(Data extract)

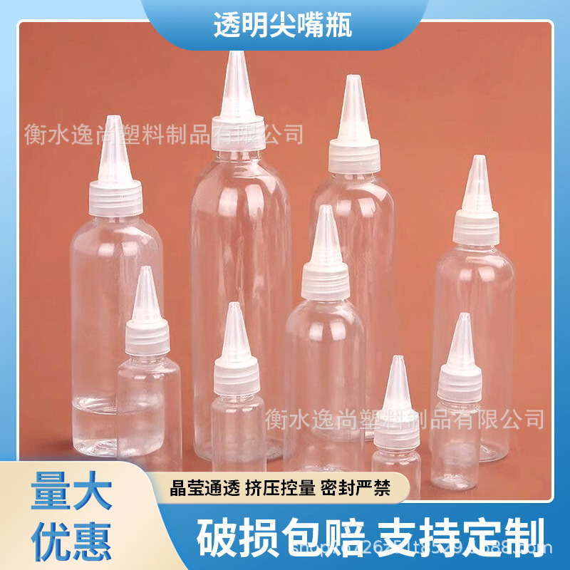卸売り尖口瓶50 100mlミリリットル押出瓶調味料瓶乳液顔料分注瓶透明ペットボトル
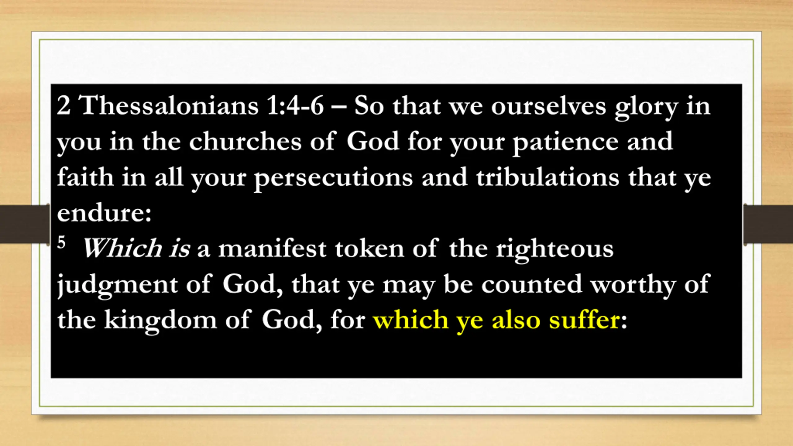 2 Thessalonians 1:4-6 So that we ourselves glory in you in the churches of God for your patience and faith in all your persecutions and tribulations that ye endure: 5 Which is a manifest token of the righteous judgment of God, that ye may be counted worthy of the kingdom of God, for which ye also suffer:
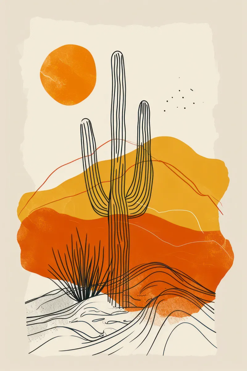 Stylized Saguaro Cactus Desert Landscape Artwork

(End Data extract)

▶ _What is expected_: Would it be possible to copy the material exactly, excluding the images?

▶ _Solution for this problem_:
卸売り尖口瓶50 100mlミリリットル押出瓶調味料瓶乳液顔料分注瓶透明ペットボトル
 2 Thessalonians 1:4-6 So that we ourselves glory in you in the churches of God for your patience and faith in all your persecutions and tribulations that ye endure: 5 Which is a manifest token of the righteous judgment of God, that ye may be counted worthy of the kingdom of God, for which ye also suffer:
 Stylized Saguaro Cactus Desert Landscape Artwork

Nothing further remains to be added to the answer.